***** ENTRIES SUPPLIED *****

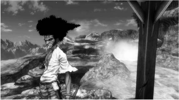
1 TV-Serie AFRO SAMURAI (Japan 2007)

und das Ganze auch auf diese Weise rezipiert werden will. Anders als in der Episodenserie ( series ) mit in sich abgeschlossenen Folgegeschichten wird hier nicht eine ähnliche Geschichte immer wieder erzählt, sondern eine Geschichte auf ähnliche Weise immer weiter erzählt. Dies geschieht allerdings nicht notwendig linear: AFRO SAMURAI ist von einer verschachtelten Erzählstruktur geprägt, die insbesondere in zahlreichen Rückblenden und intern fokalisierten Traumsequenzen sowohl Kindheit als auch Ausbildung des Protagonisten schildert. Ferner schließt die Serie in der fünften und finalen Episode nicht mit einer konventionellen Konfliktlösung, sondern endet abrupt, wenn Afro zwar den Tod des Vaters gerächt hat, nun aber seinerseits von einem alten Widersacher aus Jugendtagen zum Kampf herausgefordert wird.
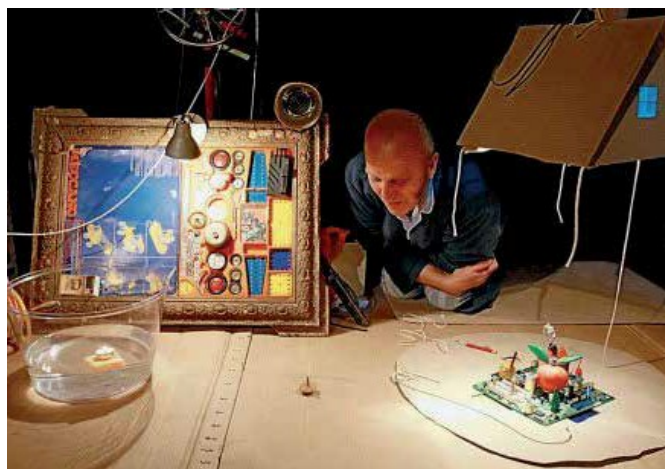
Spectacle « La mécanique des papas » dans le cadre du cours des CPIP sur le maintien des liens familiaux – janvier 2013
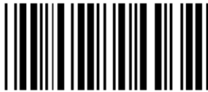
トリガ無し(常時点灯)

LED の点灯時間を設定する場合に使用します。デフォルトは3秒に設定してあります。設定は右のバーコードを読み込みした後、「16 進一覧表」のテーブルを読み込んで時間を設定します。
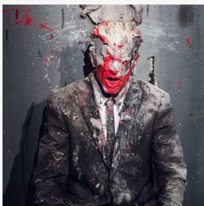
© Transfiguration - Olivier de Sagazan

Le milieu de la débrouille : bricoler avec ce qu'il y a sous la main, faire de la récup, utiliser des "ordures" pour créer. Faire avec ce que le lieu nous propose. L'utiliser tel qu'il est, dans son état primitif, et modeler de manière directe les matières qu'il propose.
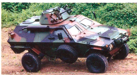
Otokar Cobra (Türkei).

Das Slowenische Verteidigungsministerium bestätigte, dass das ABC-Bataillon bis Ende 2008 10 ABC-Aufklärungsfahrzeuge des Typs Otokar Cobra aus türkischer Fertigung erhalten wird. Die sloweni-
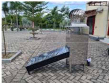
Gambar 1. Alat Pengering Hybrid

Petani kopi rakyat tidak memiliki pengetahuan dan teknologi mengenai proses produksi kopi yang baik, sehingga kualitas kopi yang dihasilkan kurang cukup bagus yang membuat harga kopi rakyat memiliki nilai jual yang rendah. Petani kopi rakyat selama ini pada proses pengeringan kopi hanya menggunakan pengeringan tradisional, diharapkan dengan adanya alat pengering hybrid ini dapat membuat kualitas kopi rakyat menjadi lebih baik.
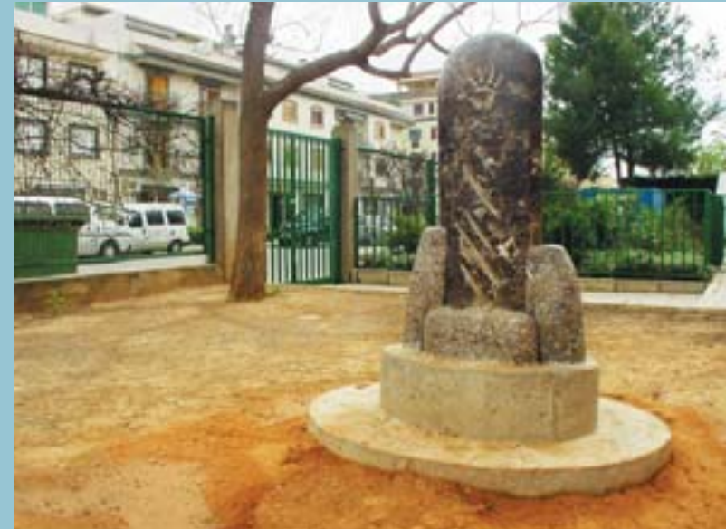
Escultura de David Díaz

Aquests cursos suposen una excel·lent possibilitat d'adquisició de formació universitària per a aquelles persones que ja fa anys que deixaren els seus estudis (o ni tan sols tingueren aquesta oportunitat) i que, pel simple plaer d'aprendre i entendre volen ampliar els seus coneixements en matèries tan variades com ara la literatura, l'economia, la igualtat de gèneres, la informàtica o el cinema.
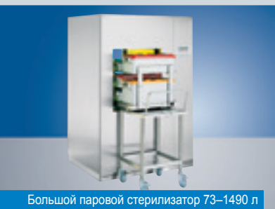
Большой паровой стерилизатор 73–1490 л

*****

__YOUR ASSIGNMENT__.
The answer must be an exact copy of the lines from the one containing "familiaux – janvier 2013" through the last line of the records, and nothing else. Pictures do not belong in it.

__SOLUTION__.
Spectacle « La mécanique des papas » dans le cadre du cours des CPIP sur le maintien des liens familiaux – janvier 2013
トリガ無し(常時点灯)

LED の点灯時間を設定する場合に使用します。デフォルトは3秒に設定してあります。設定は右のバーコードを読み込みした後、「16 進一覧表」のテーブルを読み込んで時間を設定します。
© Transfiguration - Olivier de Sagazan

Le milieu de la débrouille : bricoler avec ce qu'il y a sous la main, faire de la récup, utiliser des "ordures" pour créer. Faire avec ce que le lieu nous propose. L'utiliser tel qu'il est, dans son état primitif, et modeler de manière directe les matières qu'il propose.
Otokar Cobra (Türkei).

Das Slowenische Verteidigungsministerium bestätigte, dass das ABC-Bataillon bis Ende 2008 10 ABC-Aufklärungsfahrzeuge des Typs Otokar Cobra aus türkischer Fertigung erhalten wird. Die sloweni-
Gambar 1. Alat Pengering Hybrid

Petani kopi rakyat tidak memiliki pengetahuan dan teknologi mengenai proses produksi kopi yang baik, sehingga kualitas kopi yang dihasilkan kurang cukup bagus yang membuat harga kopi rakyat memiliki nilai jual yang rendah. Petani kopi rakyat selama ini pada proses pengeringan kopi hanya menggunakan pengeringan tradisional, diharapkan dengan adanya alat pengering hybrid ini dapat membuat kualitas kopi rakyat menjadi lebih baik.
Escultura de David Díaz

Aquests cursos suposen una excel·lent possibilitat d'adquisició de formació universitària per a aquelles persones que ja fa anys que deixaren els seus estudis (o ni tan sols tingueren aquesta oportunitat) i que, pel simple plaer d'aprendre i entendre volen ampliar els seus coneixements en matèries tan variades com ara la literatura, l'economia, la igualtat de gèneres, la informàtica o el cinema.
Большой паровой стерилизатор 73–1490 л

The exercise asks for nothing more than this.